REQUIRED WORK: Retype exactly the lines from the one that contains "ASOL, Bitfinex cüzdanına" through the end of the listing, both included, but not the pictures.

EXTRACTED ENTRIES:
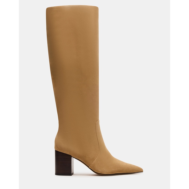 Elevate your style with the SKYLINE knee-high boots. These boots feature a sleek pointed-toe design and a sturdy block heel, providing both fashion and comfort. Made with high-quality materials, they are sure to be a staple in your wardrobe for years to co
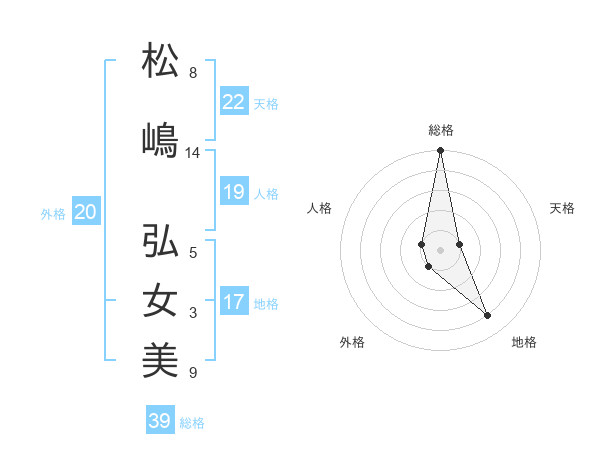 松嶋 弘女美さんを姓名の画数から五運を鑑定
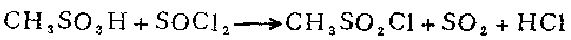 2. In 1 liter three neck Equip the bottle with a mechanical stirrer, reflux condenser, thermometer and separatory funnel, and place it in a fume hood. The bottle is filled with 152 grams (105 ml, 1.5 mol) of methanesulfonic acid. Heat to 95°C on a steam bath, and add 238 grams (146 ml, 2.0 mol) of thionite chloride dropwise within 4 hours. Maintain 95°C during the entire feeding process, and the reaction will be completed after 3.5 hours. Transfer the product into a distillation flask and install a Kirschner distillation head with a fractionating column. Heat in an oil bath (the bath temperature at the end of distillation does not exceed 115°C) and perform distillation under reduced pressure. First, evaporate thionyl chloride in Baowen.
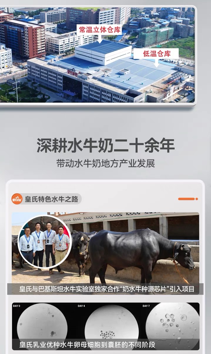 皇氏集团乳业板块主要经营牧草种植、奶牛养殖到乳制品加工、销售的全产业链业务,主要产品以水牛奶、黑白花牛奶为主要原料的巴氏杀菌奶、水牛奶系列,特色果奶、酸奶等业态乳制品和乳饮料。
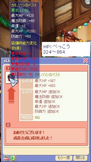 そこで、二次転職を目指すキャラクターがいましたので、そちらに草を送ることにしました。
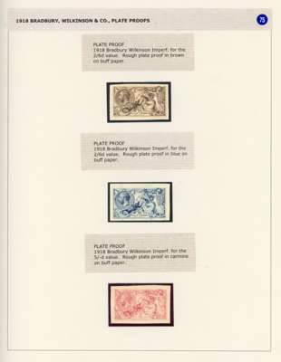 1918-19 Seahorses Waterlow three imperforate rough plate proofs on buff paper neatly arranged on an album page comprising 2s6d in brown and in indigo, and 5s in carmine. Fine. (3). SG 399 var, 401 var
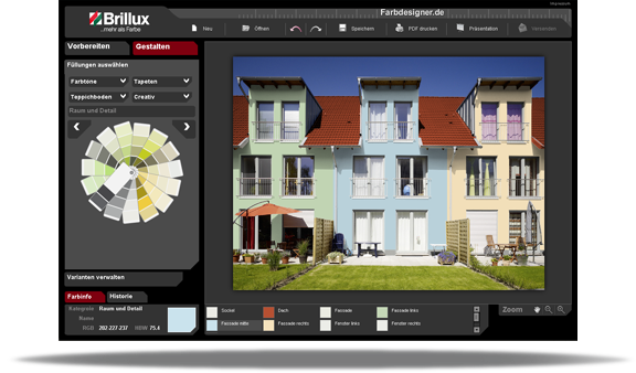 Nutzen Sie den Farbdesigner um Boden-, Wand-, und Deckenflächen ganz nach Ihrem Geschmack zu gestalten.
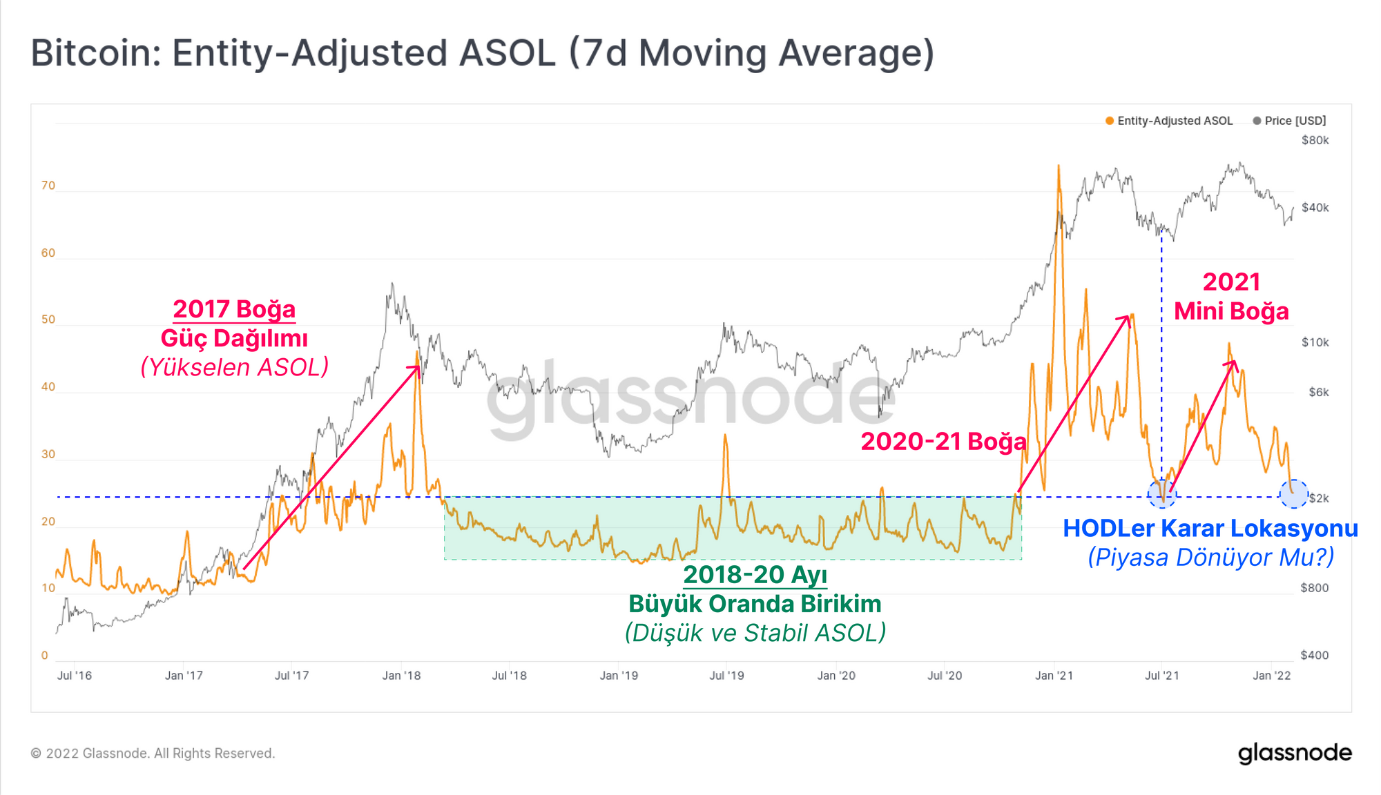 ASOL, Bitfinex cüzdanına anlamlı bir yanıt vermedi ve aslında en son Haziran 2021'de ziyaret edilen en düşük seviyeleri ziyaret etti. ASOL'daki yükseliş trendleri, genellikle boğa piyasalarında, daha eski coinler tarafından yaygın bir dağılım olduğunda birbirine benzerdir. Buna karşılık, masadaki gibi düşüş trendleri, Liveliness'teki makro ölçekli düşüş trendi ile tutarlı olan HODLing'in tercih edilen davranış olduğunu öne sürüyor.
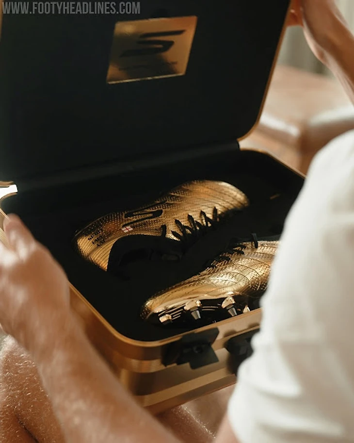 Кейн – амбассадор Skechers. Бренд разработал специальные бутсы, чтобы поздравить форварда с получением заслуженной награды. Основной цвет модели, конечно, золотой.
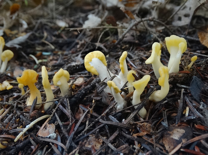 Один из таких грибов — Спатулярия желтоватая. Он растет в хвойных лесах, а его очертания напоминают небольшое дерево. Гриб можно встретить во второй половине лета и начале осени.

REPLY:
 ASOL, Bitfinex cüzdanına anlamlı bir yanıt vermedi ve aslında en son Haziran 2021'de ziyaret edilen en düşük seviyeleri ziyaret etti. ASOL'daki yükseliş trendleri, genellikle boğa piyasalarında, daha eski coinler tarafından yaygın bir dağılım olduğunda birbirine benzerdir. Buna karşılık, masadaki gibi düşüş trendleri, Liveliness'teki makro ölçekli düşüş trendi ile tutarlı olan HODLing'in tercih edilen davranış olduğunu öne sürüyor.
 Кейн – амбассадор Skechers. Бренд разработал специальные бутсы, чтобы поздравить форварда с получением заслуженной награды. Основной цвет модели, конечно, золотой.
 Один из таких грибов — Спатулярия желтоватая. Он растет в хвойных лесах, а его очертания напоминают небольшое дерево. Гриб можно встретить во второй половине лета и начале осени.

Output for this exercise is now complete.